Mars will be easy to spot. At the beginning of August it will rise in the east at 10 p.m. and reach its azimuth at about 3 a.m.

By the end of August when the two planets are closest, Mars will rise at nightfall and reach its highest point in the sky at 12:30 a.m. That's pretty convenient to see something that no human being has seen in recorded history. So, mark your calendar at the beginning of August to see Mars grow progressively brighter and brighter throughout the month.

Share this with your children and grandchildren.

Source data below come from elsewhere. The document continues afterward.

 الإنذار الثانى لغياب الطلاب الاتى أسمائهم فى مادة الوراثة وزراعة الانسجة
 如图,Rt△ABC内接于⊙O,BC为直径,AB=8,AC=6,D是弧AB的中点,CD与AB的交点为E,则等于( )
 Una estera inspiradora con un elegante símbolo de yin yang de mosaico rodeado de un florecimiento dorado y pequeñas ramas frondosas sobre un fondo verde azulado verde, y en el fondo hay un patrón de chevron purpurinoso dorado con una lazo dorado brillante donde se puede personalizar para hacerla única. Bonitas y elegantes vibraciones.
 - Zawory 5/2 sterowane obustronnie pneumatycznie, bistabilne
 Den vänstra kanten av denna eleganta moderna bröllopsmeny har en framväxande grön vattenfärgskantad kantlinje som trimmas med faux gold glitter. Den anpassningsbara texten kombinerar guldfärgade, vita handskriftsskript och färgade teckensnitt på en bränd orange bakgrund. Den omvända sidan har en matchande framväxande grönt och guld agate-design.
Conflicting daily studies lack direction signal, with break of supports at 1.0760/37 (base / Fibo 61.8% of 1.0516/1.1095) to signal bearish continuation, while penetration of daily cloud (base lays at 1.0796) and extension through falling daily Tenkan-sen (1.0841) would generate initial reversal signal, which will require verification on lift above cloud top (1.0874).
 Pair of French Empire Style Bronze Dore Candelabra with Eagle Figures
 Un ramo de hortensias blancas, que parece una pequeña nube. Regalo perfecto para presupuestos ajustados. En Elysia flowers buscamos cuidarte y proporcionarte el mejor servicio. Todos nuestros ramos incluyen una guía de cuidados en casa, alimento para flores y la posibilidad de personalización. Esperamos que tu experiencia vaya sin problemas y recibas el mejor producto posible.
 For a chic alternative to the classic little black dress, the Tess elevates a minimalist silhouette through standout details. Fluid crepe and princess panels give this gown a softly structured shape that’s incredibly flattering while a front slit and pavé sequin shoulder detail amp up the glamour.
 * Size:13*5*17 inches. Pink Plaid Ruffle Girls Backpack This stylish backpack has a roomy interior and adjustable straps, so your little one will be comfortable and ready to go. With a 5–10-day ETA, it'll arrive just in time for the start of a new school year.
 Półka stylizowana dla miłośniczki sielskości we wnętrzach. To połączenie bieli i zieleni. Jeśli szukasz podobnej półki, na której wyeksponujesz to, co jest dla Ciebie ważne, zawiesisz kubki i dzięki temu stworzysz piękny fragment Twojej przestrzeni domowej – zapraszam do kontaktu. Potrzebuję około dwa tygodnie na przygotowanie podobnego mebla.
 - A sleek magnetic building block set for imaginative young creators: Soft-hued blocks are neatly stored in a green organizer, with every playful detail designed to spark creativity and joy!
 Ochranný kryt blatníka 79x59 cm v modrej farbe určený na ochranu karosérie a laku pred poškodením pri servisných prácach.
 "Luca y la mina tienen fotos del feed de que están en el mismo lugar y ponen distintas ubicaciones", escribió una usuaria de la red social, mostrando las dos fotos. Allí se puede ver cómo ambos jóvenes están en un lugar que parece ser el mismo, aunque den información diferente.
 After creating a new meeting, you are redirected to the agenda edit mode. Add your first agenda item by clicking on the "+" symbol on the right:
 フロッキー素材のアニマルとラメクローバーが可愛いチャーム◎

NO ONE ALIVE TODAY WILL EVER SEE THIS AGAIN
All right. Let's dissect this crap.
  1. This message is from the past! It is in reference to the "great apparition" of Mars in 2003. On 27 Aug 2003, Mars passed the close to Earth, the closest in a long time. I don't know about the recorded history part of it... Sounds fishy.
  2. This "recycled" message is giving the impression that Earth and Mars are getting close now, Aug 2006. Wrong. We're almost as far away as we can get at 385 000 000 kilometres (or 239 000 000 miles). In fact, Mars will move into conjunction (on the far side of the Sun from us) in October this year. We don't start moving toward Mars until November. Then it will take another year or so for us to be relatively close to Mars, where it is at opposition, on the same side of the Sun as us. So, it's the Dec 2007-Jan 2008 calendars you need to mark...
  3. Because Mars's orbit is quite elliptical (compared to ours which is more circular), it means that, at times, Mars and Earth are positioned very close physically to one another. Technically, this is orbital eccentricity: Earth is 0.017; Mars is 0.093. I believe you can calculate the proximal rendezvous simply by multiplying the orbital periods of the two planets. We're 365 days (of course) and Mars takes about twice as long at 680 days. I.e. about every 680 or so years! So, it's true that this was once-in-a-lifetime event. And if you didn't see it in 2003, you're going to have to wait until Oct 2667! I don't know where they get the 5000 and 60000 years from...
  4. That we travel around the Sun about twice as fast as Mars means there's some good news. Approximately every 2 years, Earth passes Mars. Some years we're closer together. Other years we're farther apart. There will be many opportunities before 2667 when we'll be almost as close as 2003.
  5. Jupiter's affect on Mars's orbit is negligible. Kepler calculated the motion of the planets quite accurately which Newton expanded on. Modern scientists today can very accurately predict the position and orbits of planets. And this is essentially common knowledge. Even basic astronomical software on personal computes and palmtops can calculate planets positions with a high degree of accuracy. If there was guesswork involved, we wouldn't be successfully launching probes into the solar system, using the gravity wells of Jupiter and Saturn to slingshot to more distant planets. We successfully drop probes onto other planets. Hello! Now, if they're talking about small distortions affecting Mars distance on the order of hundreds or thousands of kilometres, OK, that's possible. But... but... that will make little or no difference to us on Earth.
  6. The arc second calculations are, remarkably, mathematically, correct. For Aug 2003. But they are a tad too... detailed. Most people don't know what arc seconds means. That's like when they quote the air pressure in kilopascals; forecasters would be better off saying high and falling or low and rising. So, your pinky finger is about 1° wide, or 60 arc minutes wide, when held at arm's length. And that's 360 arc seconds!
  7. It is curious that there is a multiple line break before the line "Mars will look as large as the full moon to the naked eye." Ambiguous. Cindy treated this as a standalone sentence...
  8. The Mars rise times, again for 2003, are almost correct. It is true that around 3:00am, Mars reached its highest elevation in the sky, at the beginning of the month. The time is an hour early for the end of the month. But the gross error is that elevation is altitude not azimuth.
So, the bad news is, if you missed this (poorly written) email in the summer of 2003, you're going to have to wait over 600 years for an identical situation. If you're receiving this message now, you can delete it.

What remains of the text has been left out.